2. In Section 4.1, authors use two checkpoints for evaluation on GeoQA and MathVerse/MathVista, which is not considered fair for performance comparison since the standard practice in this field is to test all benchmarks using a single trained model.
Thank you for highlighting this important point. GeoQA primarily evaluates geometric problem reasoning, and our baseline G-LLaVA-7B is trained exclusively on the Geo170K dataset for this benchmark. To ensure a fair comparison, we maintain consistency in the training dataset and test on GeoQA.
Regarding the MathVista and MathVerse benchmarks, which cover a diversity of subjects including scientific topics, PaperQA, and IconQA, we applied the additional MathV360K dataset for fine-tuning our model (Geo170K+MathV360K), a combination commonly used by other mathematical MLLMs like Math-LLaVA and MAVIS. In response to this concern, we test our model trained on Geo170K+MathV360K on the GeoQA benchmark. The performance improved, with PRIMITIVE-7B's top-1 accuracy increasing to 71.3 (67.0 in Tab. 3). We adopt this version as the default choice and will release the checkpoint to the public.
3. The main motivation and training approaches of this paper are similar to MAVIS, e.g., improving vision encoder and three-stage training, although with different techniques. I suggest discuss more about the relation and difference of this paper and MAVIS in the Intro and Related Work parts.
Thank you for your suggestion. We have expanded the discussion regarding our model in comparison to MAVIS in the Related Works section.
Although our high-level motivation and MLLM training strategies share similarities with MAVIS, our different training techniques for the visual encoder and MLLM design enable our model to achieve comparable reasoning performance using an 8 smaller visual instruction training dataset. For visual encoder training, MAVIS utilizes 588K caption-diagram pairs with alignment loss similar to CLIP, which provides image-level supervision. In contrast, our model employs only 40K samples with box-level and pixel-level supervision, offering more detailed local feature perception. Researchers have shown that CLIP-style encoders fail to capture fine details (e.g., Yiwu Zhong et al., "RegionCLIP: Region-based Language-Image Pretraining"; Zhe Gan et al., "Vision-language pre-training: Basics, recent advances, and future trends").

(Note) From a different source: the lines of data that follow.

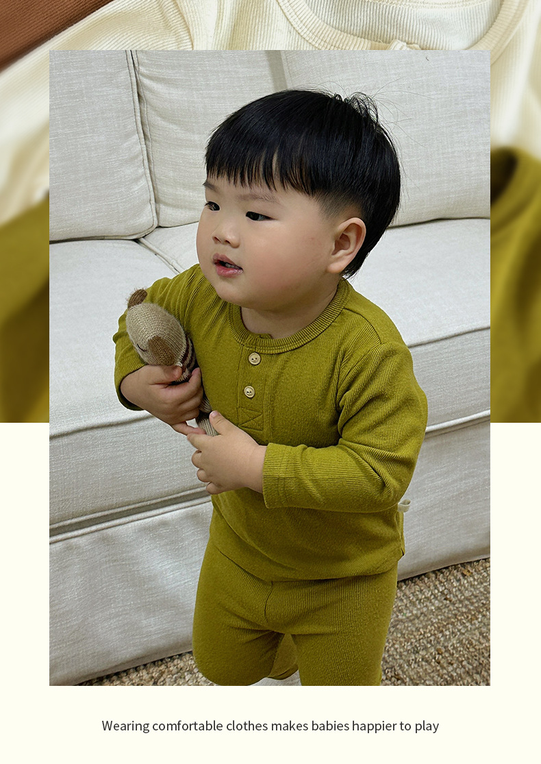 겨울 2023 어린이 기모 배꼽 보호 속옷 세트 아기 소년 소녀 바디 핏 기본 가정 옷 따뜻한 분할
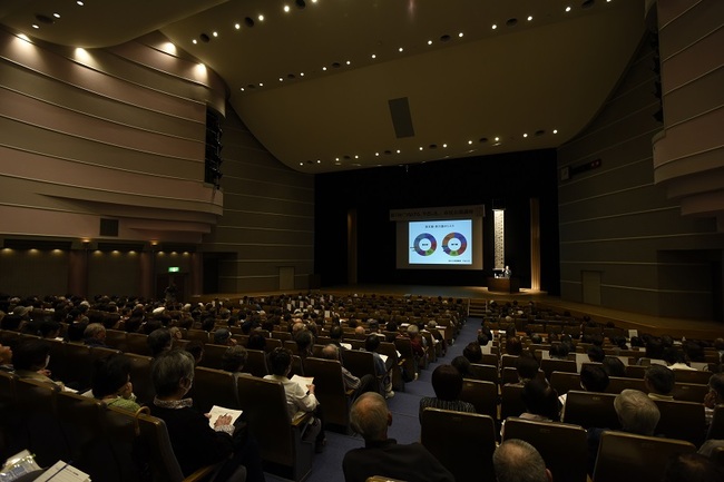 4月20日(金)甲府市総合市民会館芸術ホールにおいて、7回目となる市民公開講座を開催しました。基調講演は、厚生労働省「健康日本21」推進委員会委員や任天堂「Wii Fit Plus」の開発アドバイザーを務め、テレビや雑誌、各地の講演会など多方面で活躍する国立健康・栄養研究所の身体活動研究部長、体育科学博士の宮地元彦先生を招き、「ロコモと認知症を予防する運動~いつまでも元気に動けるカラダづくりを~」と題して講演していただきました。
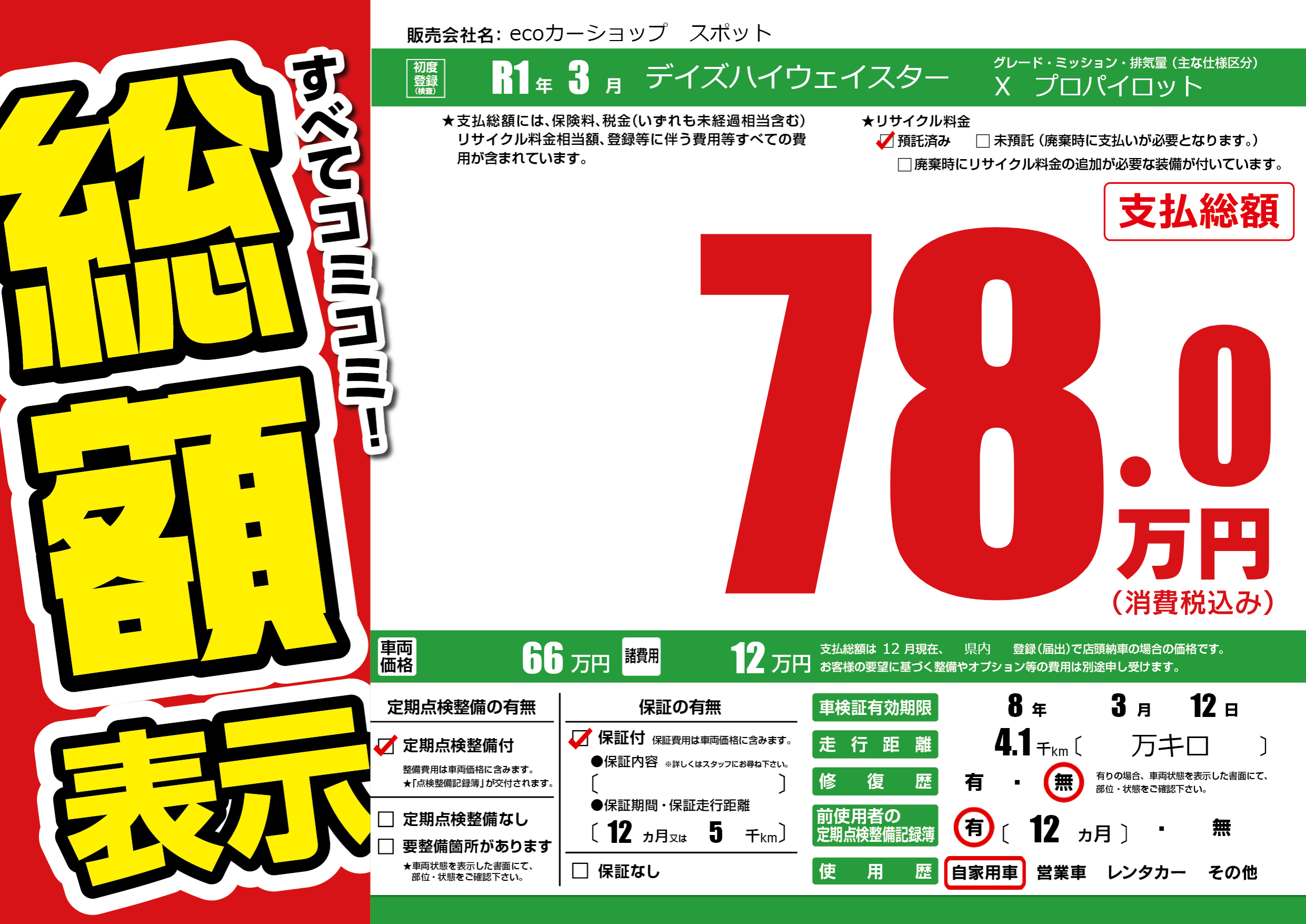 | 走行キロ | 0.4万km | 初年度登録 | R1年3月 |
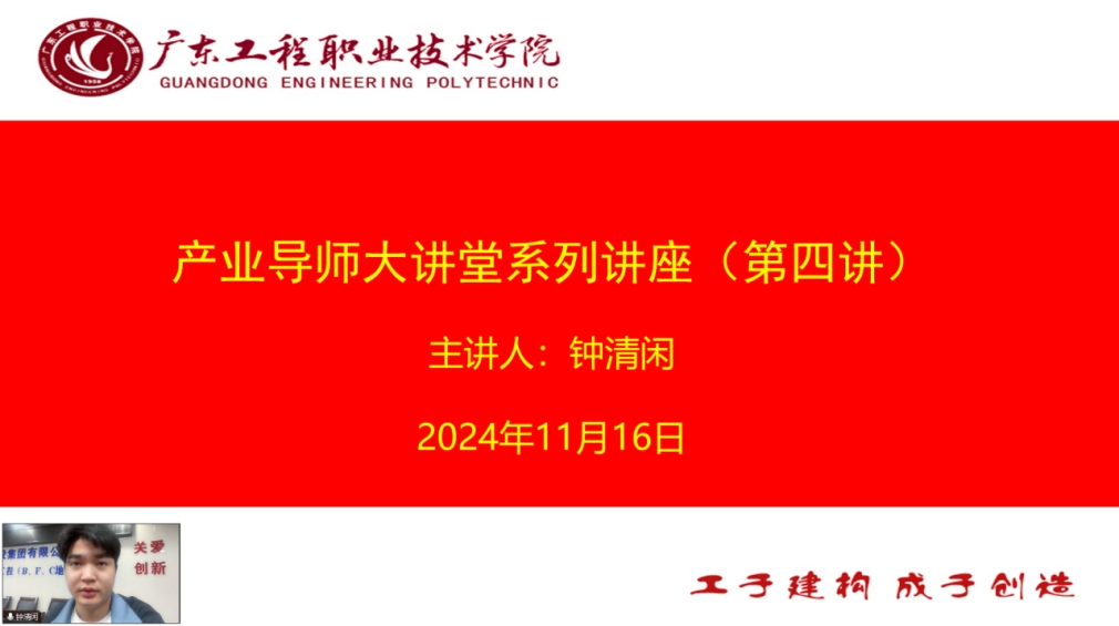 第四讲中,产业导师钟清闲以自己技能改变命运的成功经历为例,从选择大于努力;机遇成就人生;业无高卑志当坚、男儿有求安得闲;抓住机遇、不让青春留下遗憾;技能舞台显身手、获企业破格引进;技能技术创新,工作取得成绩;弘扬劳模精神、工匠精神;人生没有极限、年轻需要挑战等8个方面分享了自己学习中、备赛中、工作中的点点滴滴,分享了不断努力、潜心钻研的奋斗经历。
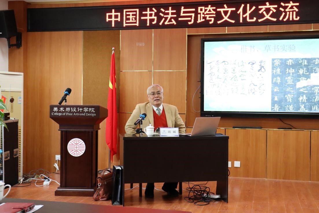 在报告中,周斌教授将跨文化书法理念充分分析,对其美学形态和风格进行逐一评述,并从思想内容及艺术形式两方面对中国书法跨文化的个性化的发展变化进行了深入探析。他认为教学相长尤为重要,在美国时期的教员工活让他本人对于书法文化的研究积累了丰富的经验。
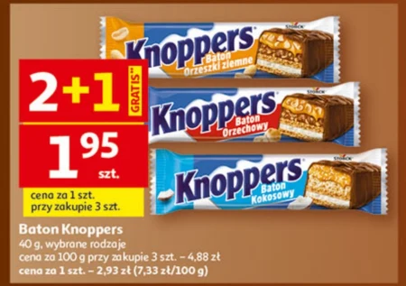 Baton Knoppers 40 g, wybrane rodzaje cena za 100 g przy zakupie 3 szt. - 4,88 zł cena za 1 szt. - 2,93 zł (7,33 zł/100 g)
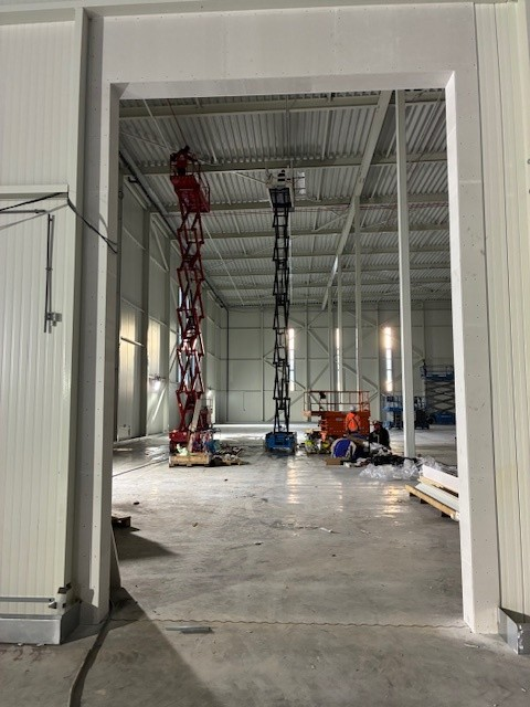 Bij ons bouwproject voor Bieze Food Group in Nijkerk is opnieuw een mooie stap gezet. De betonvloer is inmiddels voldoende uitgehard, waardoor de installateurs met hoogwerkers aan de slag kunnen met het aanbrengen van de installaties.
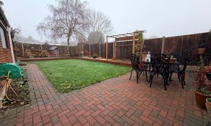 Externally, the rear garden has been thoughtfully arranged for ease of maintenance, with a block-paved patio creating an ideal seating area, leading onto a lawn and enclosed by fencing to provide privacy. The property further benefits from a garage located to the rear.
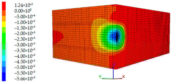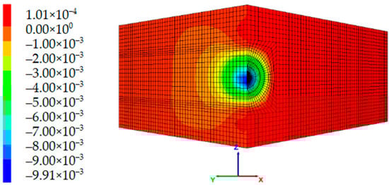 The z-direction displacement contour of the unreinforced tunnel end (unit: m).

A more intuitive demonstration is shown through the visualization of attention maps. MAVIS's visual encoder, depicted in Fig. 1(a) of MAVIS's paper, primarily highlights coarse-level boundary information and often overlooks detailed features. In contrast, our model, as shown in Fig. 2, produces attention maps that are more fine-grained, clearly highlighting not only the boundaries but also detailed elements such as dotted lines and right-angle symbols. This stark contrast underscores the superior local feature detection capability of our model. Furthermore, our model design incorporates a soft router that adaptively selects visual cues ranging from semantic-rich to geometric-rich. This adaptability enhances the model's ability to accurately solve problems by leveraging relevant visual information effectively.
4. The title of the paper is a bit overclaimed. PRIMITIVE utilizes localization information to enhance the vision perception and performance, but does not enable LLMs to know where to focus within math figures.
Thank you. Duty noted. We will revise the title to more accurately reflect the model's enhanced visual perception and avoid overclaiming.
The paper identified problems in fine-grained visual understanding for math VQA, and proposed a new encoder and a routing method to address it. The paper received unanimous positive ratings (3, 3, 3, 4). The problem is well-motivated, and the empirical evidence are strong for the proposed improvement, according to the reviewers. The AC recommends acceptance.